Throughout scripture we read of the time when this world will come to an end, and the time of God’s kingdom will be ushered in. As with the birth of babies, this will be accompanied, we are told, by a period of great pain. However, as with the coming of a new life into this world, the pain will be comparatively short lived, and it will be followed by great joy. Whatever devastation and pain humanity may inflict upon itself, whether it recognizes the signs of this world’s end or not, the Son of Man will come in glory. Jesus will return and God’s redemption will become manifest to all.
But … scripture also warns us that this coming of God’s kingdom will also be a time of judgement. There will be, for all of us, a time when we will be required to account for our words and deeds.

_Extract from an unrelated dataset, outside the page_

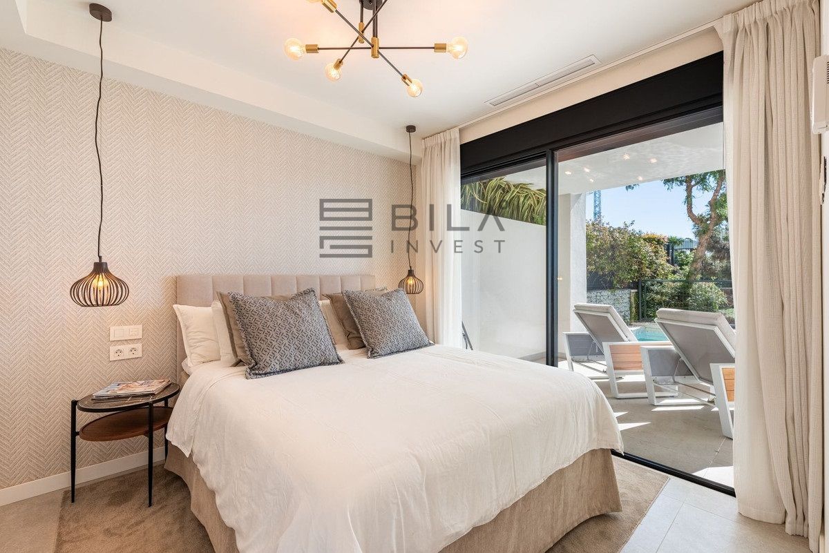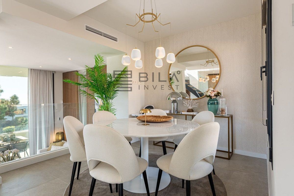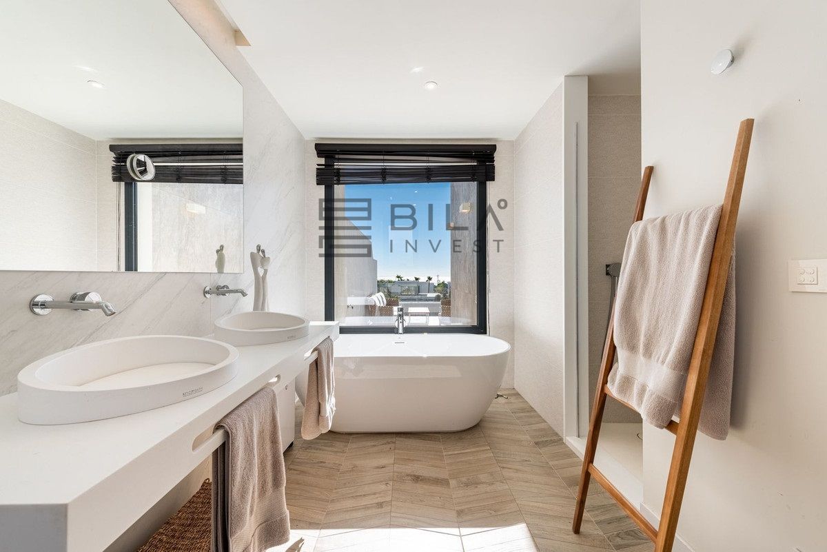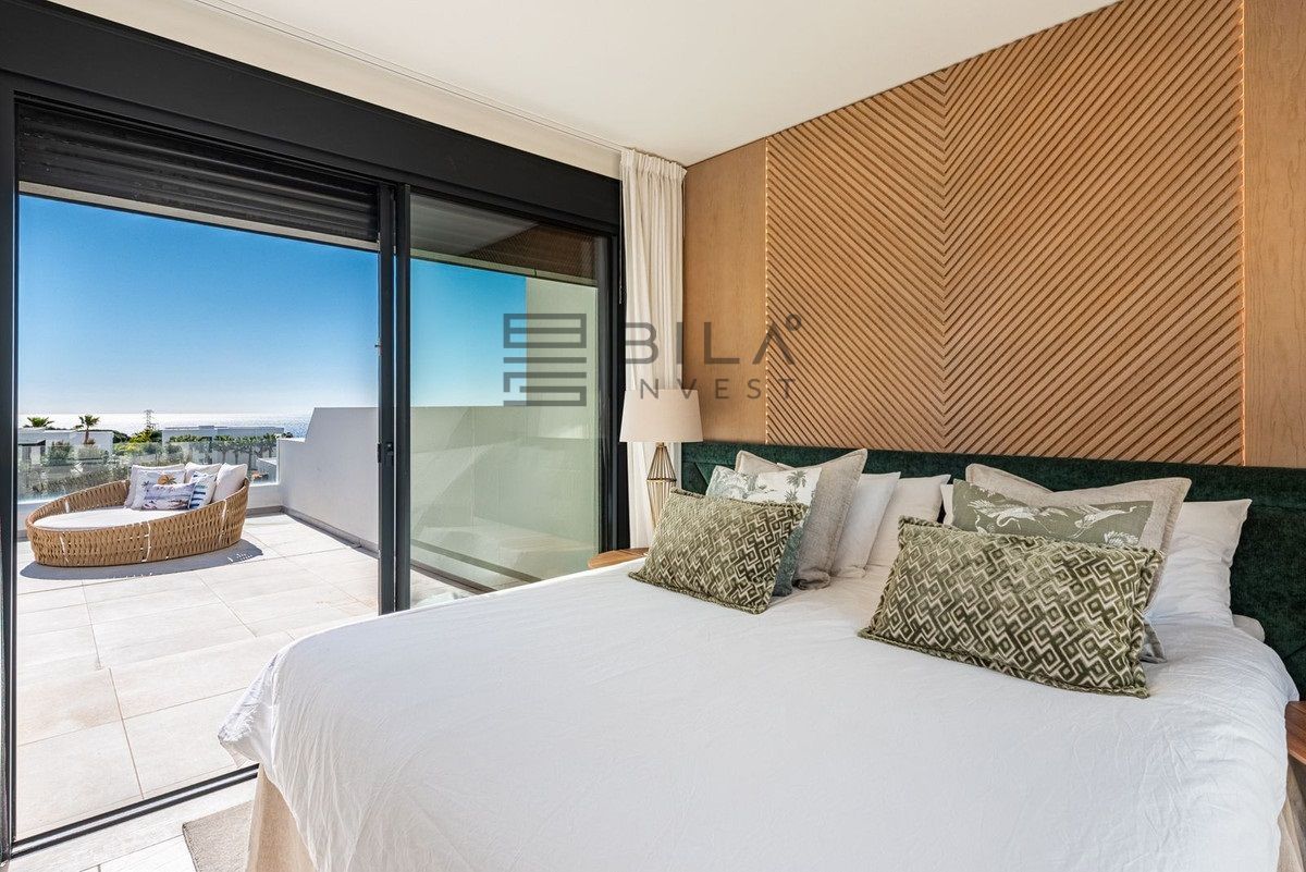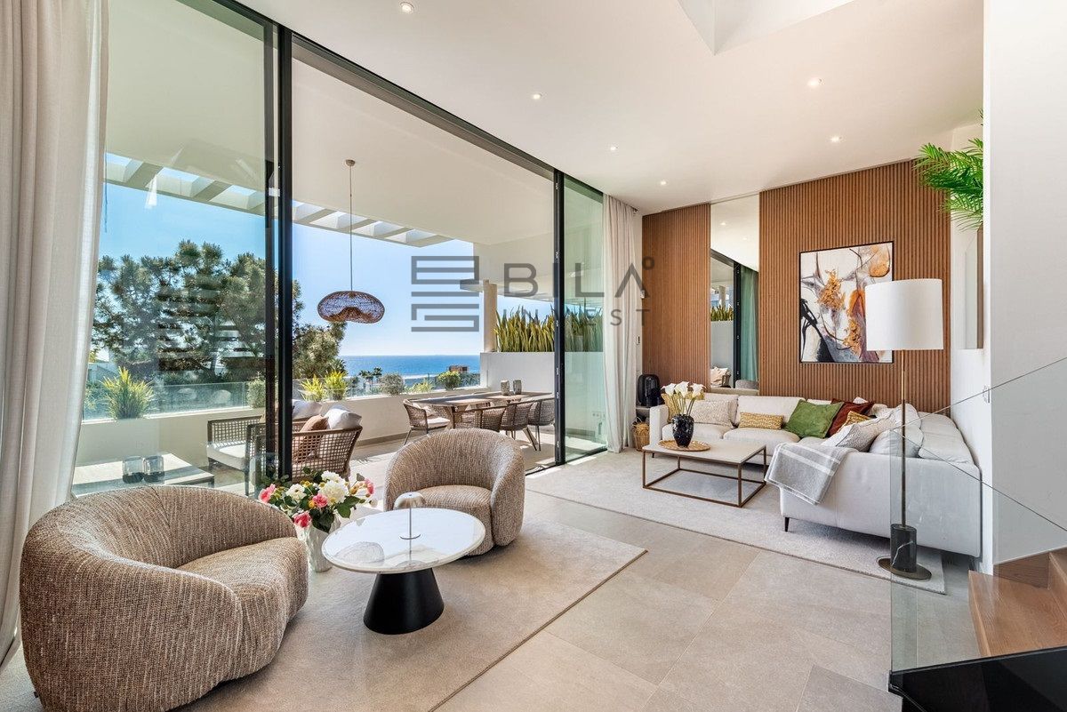 La vivienda cuenta con 3 dormitorios, todos con baño en suite, un aseo para invitados y un práctico trastero/lavadero. El salón y la cocina de concepto abierto se abren directamente a una maravillosa terraza, mientras que los grandes ventanales de suelo a techo llenan la casa de luz natural y crean una sensación de amplitud y lujo.

We will face our God and account for how we have use the gifts and talents that he has bestowed upon us. Have we been compassionate and loving, as Jesus was? Have we been generous and accepting, as Jesus was? Have we set self to one side in order that we might serve those in greater need than ourselves, as Jesus did?
Jesus is warning us that the time of judgement will come for us all. He is also asking us what we are doing to prepare for it?